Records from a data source
▶
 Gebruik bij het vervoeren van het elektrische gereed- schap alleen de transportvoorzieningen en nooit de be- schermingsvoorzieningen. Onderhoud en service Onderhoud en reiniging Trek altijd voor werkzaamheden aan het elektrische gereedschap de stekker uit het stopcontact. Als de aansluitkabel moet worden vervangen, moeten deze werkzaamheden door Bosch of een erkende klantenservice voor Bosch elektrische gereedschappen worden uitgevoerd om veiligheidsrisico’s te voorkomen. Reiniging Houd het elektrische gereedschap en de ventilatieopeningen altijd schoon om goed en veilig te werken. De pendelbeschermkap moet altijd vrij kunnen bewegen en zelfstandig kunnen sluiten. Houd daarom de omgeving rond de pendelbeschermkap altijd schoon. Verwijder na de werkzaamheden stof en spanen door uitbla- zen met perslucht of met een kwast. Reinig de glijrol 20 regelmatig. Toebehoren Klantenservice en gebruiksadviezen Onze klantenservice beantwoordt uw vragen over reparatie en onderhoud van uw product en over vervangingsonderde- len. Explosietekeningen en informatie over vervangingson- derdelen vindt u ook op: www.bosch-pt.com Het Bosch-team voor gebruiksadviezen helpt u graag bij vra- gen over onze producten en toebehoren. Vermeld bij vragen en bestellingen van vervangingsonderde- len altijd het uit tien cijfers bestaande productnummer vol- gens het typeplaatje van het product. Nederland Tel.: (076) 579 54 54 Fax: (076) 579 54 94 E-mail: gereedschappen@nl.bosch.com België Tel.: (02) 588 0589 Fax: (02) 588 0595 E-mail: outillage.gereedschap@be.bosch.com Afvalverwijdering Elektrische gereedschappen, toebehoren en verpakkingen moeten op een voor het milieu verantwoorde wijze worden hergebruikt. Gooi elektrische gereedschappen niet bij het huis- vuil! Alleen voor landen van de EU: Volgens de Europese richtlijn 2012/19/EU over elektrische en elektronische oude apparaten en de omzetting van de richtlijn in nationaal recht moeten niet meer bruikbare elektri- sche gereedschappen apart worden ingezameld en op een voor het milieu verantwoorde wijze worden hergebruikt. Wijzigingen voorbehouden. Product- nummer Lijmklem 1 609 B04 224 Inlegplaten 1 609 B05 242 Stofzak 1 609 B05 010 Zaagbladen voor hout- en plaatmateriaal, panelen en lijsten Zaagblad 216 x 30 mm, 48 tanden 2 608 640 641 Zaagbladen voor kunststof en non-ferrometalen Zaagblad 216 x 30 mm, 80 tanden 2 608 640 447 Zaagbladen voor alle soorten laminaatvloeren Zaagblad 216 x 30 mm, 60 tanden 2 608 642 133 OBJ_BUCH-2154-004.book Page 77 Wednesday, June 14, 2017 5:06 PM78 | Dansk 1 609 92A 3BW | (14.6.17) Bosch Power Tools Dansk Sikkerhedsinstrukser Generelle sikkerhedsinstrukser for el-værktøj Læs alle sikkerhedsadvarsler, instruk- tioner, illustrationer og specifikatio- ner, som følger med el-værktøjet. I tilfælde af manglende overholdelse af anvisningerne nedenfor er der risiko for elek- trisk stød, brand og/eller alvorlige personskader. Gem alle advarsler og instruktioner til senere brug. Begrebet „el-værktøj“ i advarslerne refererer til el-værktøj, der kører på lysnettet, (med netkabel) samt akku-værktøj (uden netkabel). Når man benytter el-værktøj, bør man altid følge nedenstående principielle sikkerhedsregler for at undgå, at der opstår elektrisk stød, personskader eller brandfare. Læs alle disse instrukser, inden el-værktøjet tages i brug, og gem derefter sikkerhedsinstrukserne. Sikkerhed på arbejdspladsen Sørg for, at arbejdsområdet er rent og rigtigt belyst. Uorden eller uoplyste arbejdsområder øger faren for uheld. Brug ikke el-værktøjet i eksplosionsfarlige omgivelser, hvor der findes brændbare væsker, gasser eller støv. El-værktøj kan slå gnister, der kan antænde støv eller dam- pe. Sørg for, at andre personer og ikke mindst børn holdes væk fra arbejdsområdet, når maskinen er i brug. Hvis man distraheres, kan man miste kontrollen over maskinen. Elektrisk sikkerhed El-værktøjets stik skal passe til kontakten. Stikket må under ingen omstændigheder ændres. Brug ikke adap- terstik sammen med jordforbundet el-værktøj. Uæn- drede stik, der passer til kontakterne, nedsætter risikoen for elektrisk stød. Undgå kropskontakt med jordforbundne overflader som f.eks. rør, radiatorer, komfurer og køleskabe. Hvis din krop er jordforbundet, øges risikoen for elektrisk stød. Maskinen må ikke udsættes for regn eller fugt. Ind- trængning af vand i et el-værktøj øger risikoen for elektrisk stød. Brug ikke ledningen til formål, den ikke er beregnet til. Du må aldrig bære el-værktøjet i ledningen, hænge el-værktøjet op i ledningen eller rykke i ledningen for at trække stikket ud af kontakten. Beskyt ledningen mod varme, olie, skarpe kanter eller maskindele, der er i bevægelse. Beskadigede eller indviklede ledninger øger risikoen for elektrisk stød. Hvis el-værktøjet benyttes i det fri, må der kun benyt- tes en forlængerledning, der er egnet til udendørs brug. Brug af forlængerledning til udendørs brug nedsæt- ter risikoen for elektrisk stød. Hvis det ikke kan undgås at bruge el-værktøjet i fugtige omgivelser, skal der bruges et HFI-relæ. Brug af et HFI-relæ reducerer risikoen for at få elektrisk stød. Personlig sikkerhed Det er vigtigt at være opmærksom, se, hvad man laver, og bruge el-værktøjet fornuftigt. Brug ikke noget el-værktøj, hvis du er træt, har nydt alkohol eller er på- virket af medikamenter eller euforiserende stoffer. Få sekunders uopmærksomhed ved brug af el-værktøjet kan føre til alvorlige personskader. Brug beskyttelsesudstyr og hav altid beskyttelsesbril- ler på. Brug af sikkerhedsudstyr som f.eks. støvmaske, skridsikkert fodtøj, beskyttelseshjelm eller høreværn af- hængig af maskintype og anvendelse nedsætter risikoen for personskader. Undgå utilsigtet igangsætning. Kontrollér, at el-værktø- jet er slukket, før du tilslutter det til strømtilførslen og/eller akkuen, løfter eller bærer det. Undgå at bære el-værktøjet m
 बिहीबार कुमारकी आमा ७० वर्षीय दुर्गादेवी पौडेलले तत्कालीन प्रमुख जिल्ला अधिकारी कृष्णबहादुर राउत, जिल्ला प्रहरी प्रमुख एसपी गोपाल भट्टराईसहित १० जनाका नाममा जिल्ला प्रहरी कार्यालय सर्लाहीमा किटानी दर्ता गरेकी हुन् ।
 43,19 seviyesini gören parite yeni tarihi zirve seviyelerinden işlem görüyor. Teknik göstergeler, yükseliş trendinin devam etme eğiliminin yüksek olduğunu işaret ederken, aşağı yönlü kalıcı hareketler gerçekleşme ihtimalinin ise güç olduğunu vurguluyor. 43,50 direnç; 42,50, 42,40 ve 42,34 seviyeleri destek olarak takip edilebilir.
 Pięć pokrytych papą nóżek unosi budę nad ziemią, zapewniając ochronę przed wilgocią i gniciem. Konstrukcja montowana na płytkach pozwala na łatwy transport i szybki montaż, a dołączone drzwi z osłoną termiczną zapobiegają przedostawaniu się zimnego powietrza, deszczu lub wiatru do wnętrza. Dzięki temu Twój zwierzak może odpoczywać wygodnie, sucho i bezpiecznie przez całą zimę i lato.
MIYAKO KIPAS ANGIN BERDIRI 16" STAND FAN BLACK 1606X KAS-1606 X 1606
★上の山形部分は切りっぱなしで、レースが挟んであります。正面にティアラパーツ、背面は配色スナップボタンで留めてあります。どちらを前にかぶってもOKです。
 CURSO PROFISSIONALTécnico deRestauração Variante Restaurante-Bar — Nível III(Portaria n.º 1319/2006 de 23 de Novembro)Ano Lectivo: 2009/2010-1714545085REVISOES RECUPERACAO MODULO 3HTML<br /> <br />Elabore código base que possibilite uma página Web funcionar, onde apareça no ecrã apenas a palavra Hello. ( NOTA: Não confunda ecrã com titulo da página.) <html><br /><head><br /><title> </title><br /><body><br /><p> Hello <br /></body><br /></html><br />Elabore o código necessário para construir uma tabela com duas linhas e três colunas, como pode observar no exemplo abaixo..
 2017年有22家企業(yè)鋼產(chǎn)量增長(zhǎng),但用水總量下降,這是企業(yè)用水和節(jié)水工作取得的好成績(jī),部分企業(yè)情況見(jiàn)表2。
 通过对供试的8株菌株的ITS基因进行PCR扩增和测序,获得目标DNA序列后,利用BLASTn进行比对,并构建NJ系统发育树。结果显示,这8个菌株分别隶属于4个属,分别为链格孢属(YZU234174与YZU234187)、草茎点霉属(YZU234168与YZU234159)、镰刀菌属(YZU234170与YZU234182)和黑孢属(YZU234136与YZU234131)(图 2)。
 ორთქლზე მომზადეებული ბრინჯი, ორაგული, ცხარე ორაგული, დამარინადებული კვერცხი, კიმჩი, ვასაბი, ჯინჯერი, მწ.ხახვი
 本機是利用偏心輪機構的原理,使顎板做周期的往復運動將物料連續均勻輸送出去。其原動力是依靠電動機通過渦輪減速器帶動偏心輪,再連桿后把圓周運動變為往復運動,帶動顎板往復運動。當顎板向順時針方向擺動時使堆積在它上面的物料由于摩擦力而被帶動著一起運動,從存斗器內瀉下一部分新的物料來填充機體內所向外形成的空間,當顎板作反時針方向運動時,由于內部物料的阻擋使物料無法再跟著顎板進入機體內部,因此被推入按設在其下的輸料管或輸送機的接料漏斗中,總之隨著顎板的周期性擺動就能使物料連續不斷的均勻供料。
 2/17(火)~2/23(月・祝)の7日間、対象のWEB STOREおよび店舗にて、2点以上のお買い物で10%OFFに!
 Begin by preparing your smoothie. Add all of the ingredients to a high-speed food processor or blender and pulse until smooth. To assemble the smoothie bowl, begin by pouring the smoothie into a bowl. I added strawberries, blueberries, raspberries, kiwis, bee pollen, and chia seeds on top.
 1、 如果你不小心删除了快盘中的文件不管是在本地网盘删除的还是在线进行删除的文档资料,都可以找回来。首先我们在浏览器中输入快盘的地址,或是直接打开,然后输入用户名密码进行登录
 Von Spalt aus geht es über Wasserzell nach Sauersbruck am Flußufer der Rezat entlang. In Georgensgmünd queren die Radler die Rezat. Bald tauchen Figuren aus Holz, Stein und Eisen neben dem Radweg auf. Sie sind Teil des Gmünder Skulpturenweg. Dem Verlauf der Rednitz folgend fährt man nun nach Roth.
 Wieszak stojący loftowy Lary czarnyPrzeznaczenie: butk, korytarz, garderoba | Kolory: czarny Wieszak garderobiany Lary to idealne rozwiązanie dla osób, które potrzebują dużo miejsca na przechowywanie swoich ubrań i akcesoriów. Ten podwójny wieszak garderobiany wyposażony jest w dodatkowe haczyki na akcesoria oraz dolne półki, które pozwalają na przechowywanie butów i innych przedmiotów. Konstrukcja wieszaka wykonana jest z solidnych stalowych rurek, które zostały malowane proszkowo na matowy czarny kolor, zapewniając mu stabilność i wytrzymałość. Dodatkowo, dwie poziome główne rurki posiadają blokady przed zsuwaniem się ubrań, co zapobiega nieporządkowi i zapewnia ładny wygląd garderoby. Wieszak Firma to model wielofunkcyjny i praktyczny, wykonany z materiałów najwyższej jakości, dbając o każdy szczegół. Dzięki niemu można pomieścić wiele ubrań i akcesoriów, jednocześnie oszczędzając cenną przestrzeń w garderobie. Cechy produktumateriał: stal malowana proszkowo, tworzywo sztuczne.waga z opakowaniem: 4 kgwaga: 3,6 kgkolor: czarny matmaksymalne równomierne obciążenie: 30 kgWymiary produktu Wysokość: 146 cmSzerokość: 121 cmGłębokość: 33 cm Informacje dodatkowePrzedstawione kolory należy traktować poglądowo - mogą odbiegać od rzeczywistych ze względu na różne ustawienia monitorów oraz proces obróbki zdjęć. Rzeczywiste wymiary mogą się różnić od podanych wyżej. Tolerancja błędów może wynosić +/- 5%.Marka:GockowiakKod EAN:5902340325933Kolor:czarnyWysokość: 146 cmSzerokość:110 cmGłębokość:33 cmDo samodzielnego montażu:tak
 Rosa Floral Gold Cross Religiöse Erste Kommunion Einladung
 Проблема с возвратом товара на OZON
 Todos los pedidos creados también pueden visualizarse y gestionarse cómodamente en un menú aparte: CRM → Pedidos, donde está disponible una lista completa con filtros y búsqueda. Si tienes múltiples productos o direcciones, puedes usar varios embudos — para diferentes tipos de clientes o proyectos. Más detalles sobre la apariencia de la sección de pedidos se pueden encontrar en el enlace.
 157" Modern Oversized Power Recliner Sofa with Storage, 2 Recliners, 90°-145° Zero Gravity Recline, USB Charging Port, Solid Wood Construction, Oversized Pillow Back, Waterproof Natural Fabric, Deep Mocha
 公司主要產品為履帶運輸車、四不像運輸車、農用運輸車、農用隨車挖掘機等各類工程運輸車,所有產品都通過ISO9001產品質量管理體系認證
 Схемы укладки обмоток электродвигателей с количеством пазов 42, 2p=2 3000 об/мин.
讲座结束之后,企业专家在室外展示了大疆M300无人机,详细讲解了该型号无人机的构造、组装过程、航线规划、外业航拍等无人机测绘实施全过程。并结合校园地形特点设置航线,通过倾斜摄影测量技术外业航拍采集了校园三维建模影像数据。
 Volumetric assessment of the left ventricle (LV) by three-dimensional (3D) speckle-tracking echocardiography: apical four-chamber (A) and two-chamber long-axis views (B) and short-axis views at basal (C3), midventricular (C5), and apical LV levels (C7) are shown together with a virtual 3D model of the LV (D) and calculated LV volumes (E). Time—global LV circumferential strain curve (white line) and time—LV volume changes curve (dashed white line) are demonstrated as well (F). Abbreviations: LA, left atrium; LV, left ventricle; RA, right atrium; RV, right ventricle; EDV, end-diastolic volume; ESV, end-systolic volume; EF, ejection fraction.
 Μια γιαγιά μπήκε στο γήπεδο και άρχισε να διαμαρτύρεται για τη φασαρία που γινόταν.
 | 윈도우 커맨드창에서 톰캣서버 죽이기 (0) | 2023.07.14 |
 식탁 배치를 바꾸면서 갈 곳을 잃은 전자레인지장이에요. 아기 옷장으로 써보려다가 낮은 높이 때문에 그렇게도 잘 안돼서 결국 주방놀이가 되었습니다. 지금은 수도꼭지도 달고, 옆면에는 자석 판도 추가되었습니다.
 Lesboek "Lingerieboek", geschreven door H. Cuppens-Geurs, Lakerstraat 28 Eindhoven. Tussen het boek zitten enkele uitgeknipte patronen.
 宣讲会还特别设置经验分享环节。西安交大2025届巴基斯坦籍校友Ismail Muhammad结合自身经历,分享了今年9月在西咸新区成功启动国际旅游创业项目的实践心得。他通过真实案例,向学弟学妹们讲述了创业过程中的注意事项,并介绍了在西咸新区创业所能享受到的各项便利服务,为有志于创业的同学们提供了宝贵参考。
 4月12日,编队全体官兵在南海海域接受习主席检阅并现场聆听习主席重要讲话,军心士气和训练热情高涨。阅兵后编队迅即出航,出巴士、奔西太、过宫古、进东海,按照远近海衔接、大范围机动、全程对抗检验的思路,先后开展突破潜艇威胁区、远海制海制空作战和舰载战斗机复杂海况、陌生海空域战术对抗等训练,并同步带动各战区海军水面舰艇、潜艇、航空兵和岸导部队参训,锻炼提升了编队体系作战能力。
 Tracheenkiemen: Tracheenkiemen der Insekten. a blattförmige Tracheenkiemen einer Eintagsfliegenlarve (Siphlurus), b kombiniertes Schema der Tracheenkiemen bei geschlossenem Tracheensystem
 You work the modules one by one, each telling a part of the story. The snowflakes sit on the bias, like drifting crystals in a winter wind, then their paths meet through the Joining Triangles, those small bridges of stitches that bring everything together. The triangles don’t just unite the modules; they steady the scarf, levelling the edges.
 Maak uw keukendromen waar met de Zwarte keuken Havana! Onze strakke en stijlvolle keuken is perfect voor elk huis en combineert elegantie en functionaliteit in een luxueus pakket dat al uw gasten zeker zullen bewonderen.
◀
Activity ▸ Could you set down, word for word, only the lines above from the line with "Rosa Floral Gold" to the line with "enkele uitgeknipte patronen.", including both?

Answer box ▸
 Rosa Floral Gold Cross Religiöse Erste Kommunion Einladung
 Проблема с возвратом товара на OZON
 Todos los pedidos creados también pueden visualizarse y gestionarse cómodamente en un menú aparte: CRM → Pedidos, donde está disponible una lista completa con filtros y búsqueda. Si tienes múltiples productos o direcciones, puedes usar varios embudos — para diferentes tipos de clientes o proyectos. Más detalles sobre la apariencia de la sección de pedidos se pueden encontrar en el enlace.
 157" Modern Oversized Power Recliner Sofa with Storage, 2 Recliners, 90°-145° Zero Gravity Recline, USB Charging Port, Solid Wood Construction, Oversized Pillow Back, Waterproof Natural Fabric, Deep Mocha
 公司主要產品為履帶運輸車、四不像運輸車、農用運輸車、農用隨車挖掘機等各類工程運輸車,所有產品都通過ISO9001產品質量管理體系認證
 Схемы укладки обмоток электродвигателей с количеством пазов 42, 2p=2 3000 об/мин.
讲座结束之后,企业专家在室外展示了大疆M300无人机,详细讲解了该型号无人机的构造、组装过程、航线规划、外业航拍等无人机测绘实施全过程。并结合校园地形特点设置航线,通过倾斜摄影测量技术外业航拍采集了校园三维建模影像数据。
 Volumetric assessment of the left ventricle (LV) by three-dimensional (3D) speckle-tracking echocardiography: apical four-chamber (A) and two-chamber long-axis views (B) and short-axis views at basal (C3), midventricular (C5), and apical LV levels (C7) are shown together with a virtual 3D model of the LV (D) and calculated LV volumes (E). Time—global LV circumferential strain curve (white line) and time—LV volume changes curve (dashed white line) are demonstrated as well (F). Abbreviations: LA, left atrium; LV, left ventricle; RA, right atrium; RV, right ventricle; EDV, end-diastolic volume; ESV, end-systolic volume; EF, ejection fraction.
 Μια γιαγιά μπήκε στο γήπεδο και άρχισε να διαμαρτύρεται για τη φασαρία που γινόταν.
 | 윈도우 커맨드창에서 톰캣서버 죽이기 (0) | 2023.07.14 |
 식탁 배치를 바꾸면서 갈 곳을 잃은 전자레인지장이에요. 아기 옷장으로 써보려다가 낮은 높이 때문에 그렇게도 잘 안돼서 결국 주방놀이가 되었습니다. 지금은 수도꼭지도 달고, 옆면에는 자석 판도 추가되었습니다.
 Lesboek "Lingerieboek", geschreven door H. Cuppens-Geurs, Lakerstraat 28 Eindhoven. Tussen het boek zitten enkele uitgeknipte patronen.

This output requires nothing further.